#### [Your task]
The expected output is exactly the lines below, starting at the line with "バッグ上部中央のスナップボタ" and ending at the line with "كميات البرد كبيرة", both included; no other line belongs in it.

[Dataset records]
+++++
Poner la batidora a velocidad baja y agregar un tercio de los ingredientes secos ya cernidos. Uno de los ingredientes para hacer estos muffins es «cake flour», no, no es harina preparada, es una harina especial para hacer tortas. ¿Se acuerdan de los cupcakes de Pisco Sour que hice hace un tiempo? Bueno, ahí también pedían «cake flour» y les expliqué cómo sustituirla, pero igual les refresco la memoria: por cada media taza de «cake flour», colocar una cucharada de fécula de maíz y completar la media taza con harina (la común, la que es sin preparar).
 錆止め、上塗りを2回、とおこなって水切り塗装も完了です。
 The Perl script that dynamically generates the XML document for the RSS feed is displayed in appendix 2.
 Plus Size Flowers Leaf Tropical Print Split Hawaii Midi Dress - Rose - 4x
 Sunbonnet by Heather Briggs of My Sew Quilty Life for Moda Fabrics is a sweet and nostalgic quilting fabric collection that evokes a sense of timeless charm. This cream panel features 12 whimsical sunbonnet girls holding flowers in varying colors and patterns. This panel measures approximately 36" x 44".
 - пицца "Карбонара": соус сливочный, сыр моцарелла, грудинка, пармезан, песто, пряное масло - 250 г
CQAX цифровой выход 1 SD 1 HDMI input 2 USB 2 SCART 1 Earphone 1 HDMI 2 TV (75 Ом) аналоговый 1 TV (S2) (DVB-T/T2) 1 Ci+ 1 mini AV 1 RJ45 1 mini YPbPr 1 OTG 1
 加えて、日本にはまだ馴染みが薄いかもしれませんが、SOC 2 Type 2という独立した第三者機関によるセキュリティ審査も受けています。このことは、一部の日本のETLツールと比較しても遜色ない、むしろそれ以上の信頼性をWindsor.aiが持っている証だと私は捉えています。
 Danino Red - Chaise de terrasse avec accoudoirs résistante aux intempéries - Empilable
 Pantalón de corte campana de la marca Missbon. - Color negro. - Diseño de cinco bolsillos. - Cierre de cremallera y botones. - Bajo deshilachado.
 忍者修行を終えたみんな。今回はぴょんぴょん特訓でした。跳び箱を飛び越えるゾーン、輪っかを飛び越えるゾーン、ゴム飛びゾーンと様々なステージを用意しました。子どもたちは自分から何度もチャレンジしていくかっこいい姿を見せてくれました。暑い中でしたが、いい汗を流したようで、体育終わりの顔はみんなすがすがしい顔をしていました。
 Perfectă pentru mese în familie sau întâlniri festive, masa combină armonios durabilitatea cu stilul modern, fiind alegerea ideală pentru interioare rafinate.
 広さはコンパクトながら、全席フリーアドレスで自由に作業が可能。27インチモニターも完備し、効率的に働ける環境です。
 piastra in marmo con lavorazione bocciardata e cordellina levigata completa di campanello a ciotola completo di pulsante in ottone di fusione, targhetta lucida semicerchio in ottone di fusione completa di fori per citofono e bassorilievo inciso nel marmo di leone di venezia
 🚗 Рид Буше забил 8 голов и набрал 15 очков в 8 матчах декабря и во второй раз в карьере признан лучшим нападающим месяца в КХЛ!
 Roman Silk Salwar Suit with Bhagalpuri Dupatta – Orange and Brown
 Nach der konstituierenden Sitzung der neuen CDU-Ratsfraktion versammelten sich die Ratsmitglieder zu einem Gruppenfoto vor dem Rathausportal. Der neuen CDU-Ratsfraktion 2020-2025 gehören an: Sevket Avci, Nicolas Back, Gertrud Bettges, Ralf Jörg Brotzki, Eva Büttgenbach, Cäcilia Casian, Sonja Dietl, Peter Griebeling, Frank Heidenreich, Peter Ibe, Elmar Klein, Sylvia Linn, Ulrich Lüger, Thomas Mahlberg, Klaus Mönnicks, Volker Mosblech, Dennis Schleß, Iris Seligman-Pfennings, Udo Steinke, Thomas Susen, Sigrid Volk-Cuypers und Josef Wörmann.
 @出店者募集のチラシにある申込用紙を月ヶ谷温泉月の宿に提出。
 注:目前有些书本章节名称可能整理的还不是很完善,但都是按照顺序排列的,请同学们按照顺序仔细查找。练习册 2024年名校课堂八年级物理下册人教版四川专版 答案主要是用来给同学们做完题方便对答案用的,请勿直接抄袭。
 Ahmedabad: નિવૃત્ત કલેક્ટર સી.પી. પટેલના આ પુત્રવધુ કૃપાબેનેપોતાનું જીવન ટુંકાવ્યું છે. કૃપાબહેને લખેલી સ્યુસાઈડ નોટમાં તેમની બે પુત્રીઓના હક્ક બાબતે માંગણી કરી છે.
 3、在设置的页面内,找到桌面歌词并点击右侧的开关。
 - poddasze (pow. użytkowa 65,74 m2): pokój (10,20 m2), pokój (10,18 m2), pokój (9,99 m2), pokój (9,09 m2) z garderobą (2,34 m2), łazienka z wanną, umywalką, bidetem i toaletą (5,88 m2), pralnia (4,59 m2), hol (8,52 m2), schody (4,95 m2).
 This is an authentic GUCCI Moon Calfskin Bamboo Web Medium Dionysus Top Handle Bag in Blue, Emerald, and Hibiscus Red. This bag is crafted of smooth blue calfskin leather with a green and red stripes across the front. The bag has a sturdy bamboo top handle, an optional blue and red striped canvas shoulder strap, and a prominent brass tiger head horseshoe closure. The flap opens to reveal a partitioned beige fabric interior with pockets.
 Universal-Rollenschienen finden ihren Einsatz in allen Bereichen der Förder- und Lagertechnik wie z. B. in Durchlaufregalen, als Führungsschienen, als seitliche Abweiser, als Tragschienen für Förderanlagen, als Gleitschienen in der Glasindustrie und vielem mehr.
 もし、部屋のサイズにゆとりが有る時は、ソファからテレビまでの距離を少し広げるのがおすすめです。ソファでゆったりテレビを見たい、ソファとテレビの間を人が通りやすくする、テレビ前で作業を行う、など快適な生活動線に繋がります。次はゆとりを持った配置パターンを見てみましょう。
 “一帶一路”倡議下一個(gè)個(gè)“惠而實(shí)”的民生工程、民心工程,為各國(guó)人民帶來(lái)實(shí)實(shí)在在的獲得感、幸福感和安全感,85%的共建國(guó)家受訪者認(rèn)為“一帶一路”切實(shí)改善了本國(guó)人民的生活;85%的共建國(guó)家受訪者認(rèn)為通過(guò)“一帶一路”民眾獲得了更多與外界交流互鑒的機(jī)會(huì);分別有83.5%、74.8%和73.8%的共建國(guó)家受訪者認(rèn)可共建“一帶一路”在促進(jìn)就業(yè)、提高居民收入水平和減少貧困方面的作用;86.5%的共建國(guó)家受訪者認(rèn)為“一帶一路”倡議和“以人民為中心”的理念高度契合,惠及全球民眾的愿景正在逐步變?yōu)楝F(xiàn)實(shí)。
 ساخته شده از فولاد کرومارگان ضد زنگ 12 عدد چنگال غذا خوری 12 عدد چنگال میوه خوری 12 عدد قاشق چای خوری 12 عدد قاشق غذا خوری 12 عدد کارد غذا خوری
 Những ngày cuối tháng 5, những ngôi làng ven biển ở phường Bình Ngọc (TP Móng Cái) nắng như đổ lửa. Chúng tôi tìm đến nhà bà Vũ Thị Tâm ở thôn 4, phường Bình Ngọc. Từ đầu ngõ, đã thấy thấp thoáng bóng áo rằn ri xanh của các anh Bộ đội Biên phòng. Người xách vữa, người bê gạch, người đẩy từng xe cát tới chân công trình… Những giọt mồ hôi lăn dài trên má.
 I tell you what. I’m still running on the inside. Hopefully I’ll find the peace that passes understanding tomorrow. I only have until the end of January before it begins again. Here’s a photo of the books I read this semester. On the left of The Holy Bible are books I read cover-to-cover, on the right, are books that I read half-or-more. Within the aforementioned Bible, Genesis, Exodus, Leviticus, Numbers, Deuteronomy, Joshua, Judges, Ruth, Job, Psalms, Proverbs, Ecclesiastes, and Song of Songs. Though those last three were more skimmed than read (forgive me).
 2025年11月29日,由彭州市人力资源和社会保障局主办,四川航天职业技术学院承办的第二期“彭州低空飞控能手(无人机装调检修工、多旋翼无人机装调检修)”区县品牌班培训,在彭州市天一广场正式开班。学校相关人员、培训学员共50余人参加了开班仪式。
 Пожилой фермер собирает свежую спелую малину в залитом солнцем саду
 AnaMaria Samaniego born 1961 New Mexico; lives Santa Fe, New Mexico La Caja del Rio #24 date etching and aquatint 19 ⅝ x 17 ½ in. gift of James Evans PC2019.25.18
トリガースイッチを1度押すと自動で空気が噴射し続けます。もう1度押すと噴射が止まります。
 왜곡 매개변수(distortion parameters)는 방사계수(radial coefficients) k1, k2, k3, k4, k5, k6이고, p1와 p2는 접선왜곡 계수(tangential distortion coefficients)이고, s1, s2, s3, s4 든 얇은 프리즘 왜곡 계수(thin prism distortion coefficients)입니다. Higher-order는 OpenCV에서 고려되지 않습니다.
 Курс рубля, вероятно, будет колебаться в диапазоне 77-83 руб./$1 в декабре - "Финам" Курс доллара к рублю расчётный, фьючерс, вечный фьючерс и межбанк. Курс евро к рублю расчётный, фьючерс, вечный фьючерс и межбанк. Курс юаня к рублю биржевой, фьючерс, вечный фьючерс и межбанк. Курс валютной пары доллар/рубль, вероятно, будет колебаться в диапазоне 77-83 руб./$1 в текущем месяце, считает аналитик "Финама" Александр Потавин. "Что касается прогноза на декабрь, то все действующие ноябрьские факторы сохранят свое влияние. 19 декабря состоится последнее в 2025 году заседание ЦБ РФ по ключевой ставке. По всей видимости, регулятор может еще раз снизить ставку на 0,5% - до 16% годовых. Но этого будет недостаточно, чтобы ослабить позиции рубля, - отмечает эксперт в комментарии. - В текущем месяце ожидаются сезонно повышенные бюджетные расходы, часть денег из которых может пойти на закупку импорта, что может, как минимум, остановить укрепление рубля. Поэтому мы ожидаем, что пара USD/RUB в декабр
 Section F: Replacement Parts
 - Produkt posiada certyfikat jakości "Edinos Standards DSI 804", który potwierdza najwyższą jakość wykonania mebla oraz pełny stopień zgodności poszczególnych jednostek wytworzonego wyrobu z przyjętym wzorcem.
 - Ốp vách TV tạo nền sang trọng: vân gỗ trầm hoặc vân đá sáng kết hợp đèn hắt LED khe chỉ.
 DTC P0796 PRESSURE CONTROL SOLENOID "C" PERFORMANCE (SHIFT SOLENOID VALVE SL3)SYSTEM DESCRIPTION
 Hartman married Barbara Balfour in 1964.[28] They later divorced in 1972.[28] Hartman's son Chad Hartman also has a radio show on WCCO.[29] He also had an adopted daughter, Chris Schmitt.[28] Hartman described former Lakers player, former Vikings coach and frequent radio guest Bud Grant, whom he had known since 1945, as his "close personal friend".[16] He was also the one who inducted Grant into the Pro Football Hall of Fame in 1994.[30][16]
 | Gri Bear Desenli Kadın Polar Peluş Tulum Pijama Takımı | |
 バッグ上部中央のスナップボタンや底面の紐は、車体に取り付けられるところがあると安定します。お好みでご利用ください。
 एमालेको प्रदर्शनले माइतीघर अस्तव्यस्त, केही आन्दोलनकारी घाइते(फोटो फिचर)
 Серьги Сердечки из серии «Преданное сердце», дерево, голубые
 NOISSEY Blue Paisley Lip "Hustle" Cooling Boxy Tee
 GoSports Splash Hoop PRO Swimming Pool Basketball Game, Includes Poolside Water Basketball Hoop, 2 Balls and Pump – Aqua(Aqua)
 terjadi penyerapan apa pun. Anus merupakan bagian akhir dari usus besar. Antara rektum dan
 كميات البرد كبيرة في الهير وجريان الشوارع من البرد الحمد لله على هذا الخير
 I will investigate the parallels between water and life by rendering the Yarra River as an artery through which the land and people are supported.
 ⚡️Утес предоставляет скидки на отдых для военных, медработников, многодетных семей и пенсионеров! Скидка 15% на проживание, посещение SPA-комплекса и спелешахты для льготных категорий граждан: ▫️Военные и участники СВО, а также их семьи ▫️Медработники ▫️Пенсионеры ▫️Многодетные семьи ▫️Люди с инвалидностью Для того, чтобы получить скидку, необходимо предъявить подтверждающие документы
+++++
#### [Worked solution]
 バッグ上部中央のスナップボタンや底面の紐は、車体に取り付けられるところがあると安定します。お好みでご利用ください。
 एमालेको प्रदर्शनले माइतीघर अस्तव्यस्त, केही आन्दोलनकारी घाइते(फोटो फिचर)
 Серьги Сердечки из серии «Преданное сердце», дерево, голубые
 NOISSEY Blue Paisley Lip "Hustle" Cooling Boxy Tee
 GoSports Splash Hoop PRO Swimming Pool Basketball Game, Includes Poolside Water Basketball Hoop, 2 Balls and Pump – Aqua(Aqua)
 terjadi penyerapan apa pun. Anus merupakan bagian akhir dari usus besar. Antara rektum dan
 كميات البرد كبيرة في الهير وجريان الشوارع من البرد الحمد لله على هذا الخير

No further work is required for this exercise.